Each record below should be returned word for word, with no pictures included.

═════ Records supplied ═════

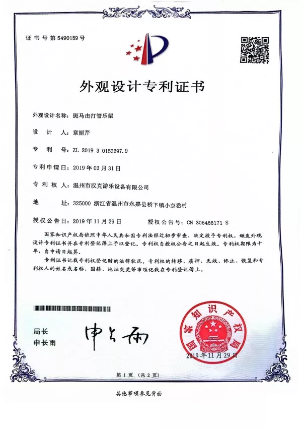 في الوقت نفسه، كمنتج مملوك لشركة Hank، تقدمنا بطلب للحصول على شهادة براءة اختراع لتصميم حامل الآلات الإيقاعية على شكل حمار وحشي في عام 2019 وحصلنا على موافقة من مكتب الملكية الفكرية الصيني.
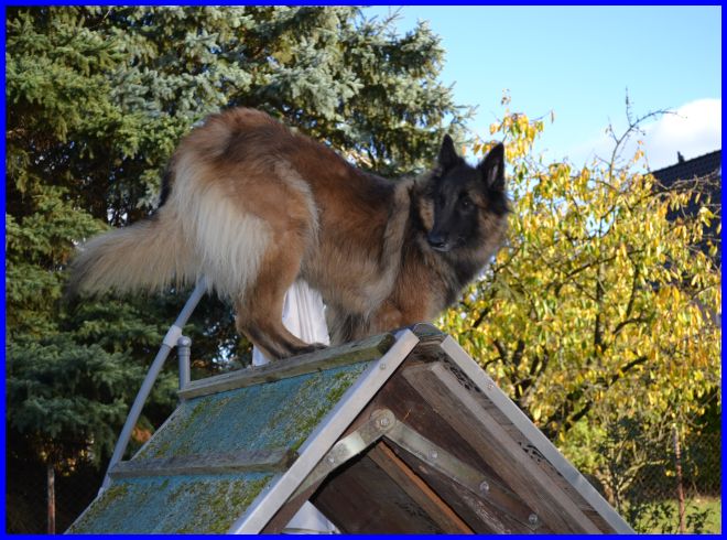 Und Lady Farouche nutzte derweil alle Geräte in unserem Garten, düste durch die Tunnel, lief über die Hängebrücke, hier ist sie auf der Steilwand, eine tolle Hündin!
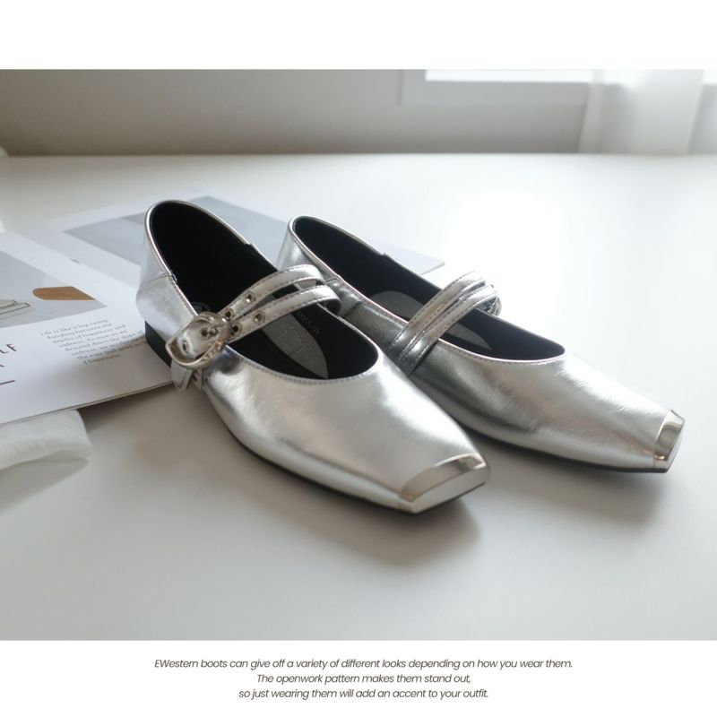 軽量でやわらかなアッパー素材で履きやすく快適な履き心地。ハトメ×ダブルベルトとシルバーのつま先加工が洗練された足元を演出してくれる一足。
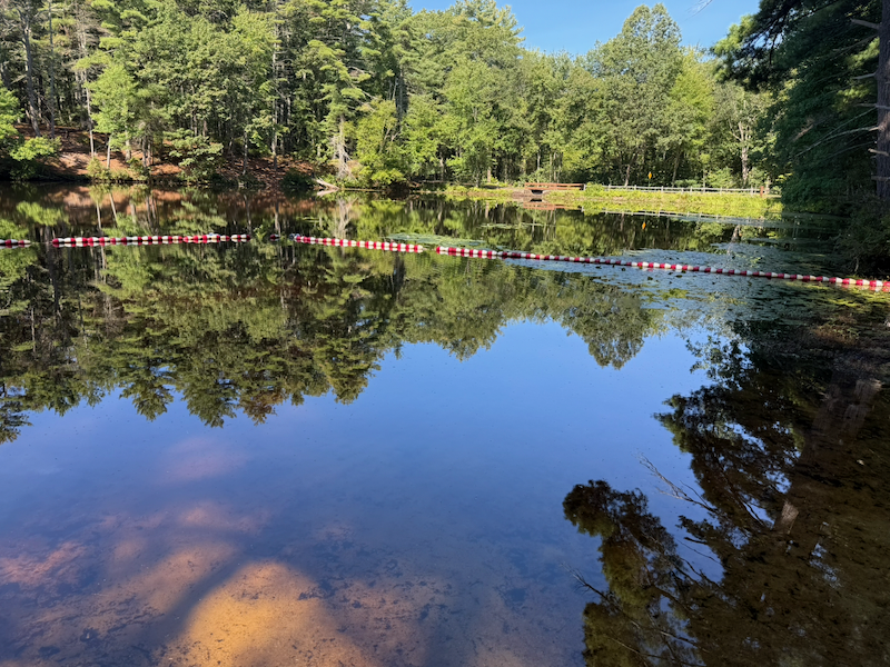 I found the swimming area at Frye Pond, near the park entrance, but swimming was prohibited because of high bacteria count.
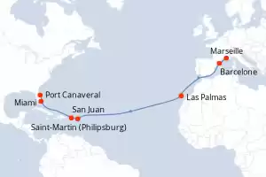 États-Unis, Porto Rico, Pays-Bas, Espagne, France Itinéraire: Marseille , Barcelone , Las Palmas , Saint-Martin (Philipsburg) , San Juan , Miami , Port Canaveral Pension Complète MSC Grandiosa 17 jours Cabine standard Marseille 20/11/2025 dès 577 € + dès 1317 € Black friday jusqu'à -50% Internet à bord Clubs Enfants dès 3 ans Enfants Gratuits jusqu'à 12 ans Pension Complète Départ de France Voir les offres
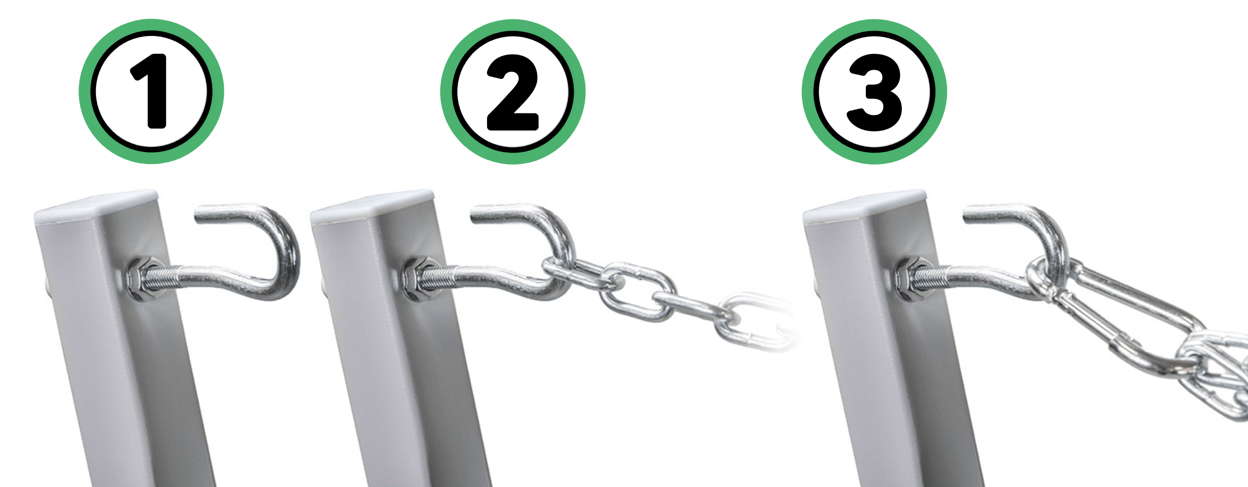 preprečujejo praskanje površine in pogrezanje v mehka tla. Lahko jih pritrdite ali odstranite in prilagodite okvir svojim potrebam! ⭐️ Izberite premišljeno zasnovo! Zaradi teh lastnosti je naš okvir najvarnejša rešitev, ki vam bo služila dolga, dolga leta! ☘️ 3 NAČINI ZA MONTAŽO VISEČE MREŽE ☑️ Vaša viseča mreža, vaša pravila! Namestite jo lahko na tri različne načine, odvisno od vaših potreb in dolžine viseče mreže: ➡️ Neposredno na kavelj

═════

:: Reply to the task ::
 في الوقت نفسه، كمنتج مملوك لشركة Hank، تقدمنا بطلب للحصول على شهادة براءة اختراع لتصميم حامل الآلات الإيقاعية على شكل حمار وحشي في عام 2019 وحصلنا على موافقة من مكتب الملكية الفكرية الصيني.
 Und Lady Farouche nutzte derweil alle Geräte in unserem Garten, düste durch die Tunnel, lief über die Hängebrücke, hier ist sie auf der Steilwand, eine tolle Hündin!
 軽量でやわらかなアッパー素材で履きやすく快適な履き心地。ハトメ×ダブルベルトとシルバーのつま先加工が洗練された足元を演出してくれる一足。
 I found the swimming area at Frye Pond, near the park entrance, but swimming was prohibited because of high bacteria count.
 États-Unis, Porto Rico, Pays-Bas, Espagne, France Itinéraire: Marseille , Barcelone , Las Palmas , Saint-Martin (Philipsburg) , San Juan , Miami , Port Canaveral Pension Complète MSC Grandiosa 17 jours Cabine standard Marseille 20/11/2025 dès 577 € + dès 1317 € Black friday jusqu'à -50% Internet à bord Clubs Enfants dès 3 ans Enfants Gratuits jusqu'à 12 ans Pension Complète Départ de France Voir les offres
 preprečujejo praskanje površine in pogrezanje v mehka tla. Lahko jih pritrdite ali odstranite in prilagodite okvir svojim potrebam! ⭐️ Izberite premišljeno zasnovo! Zaradi teh lastnosti je naš okvir najvarnejša rešitev, ki vam bo služila dolga, dolga leta! ☘️ 3 NAČINI ZA MONTAŽO VISEČE MREŽE ☑️ Vaša viseča mreža, vaša pravila! Namestite jo lahko na tri različne načine, odvisno od vaših potreb in dolžine viseče mreže: ➡️ Neposredno na kavelj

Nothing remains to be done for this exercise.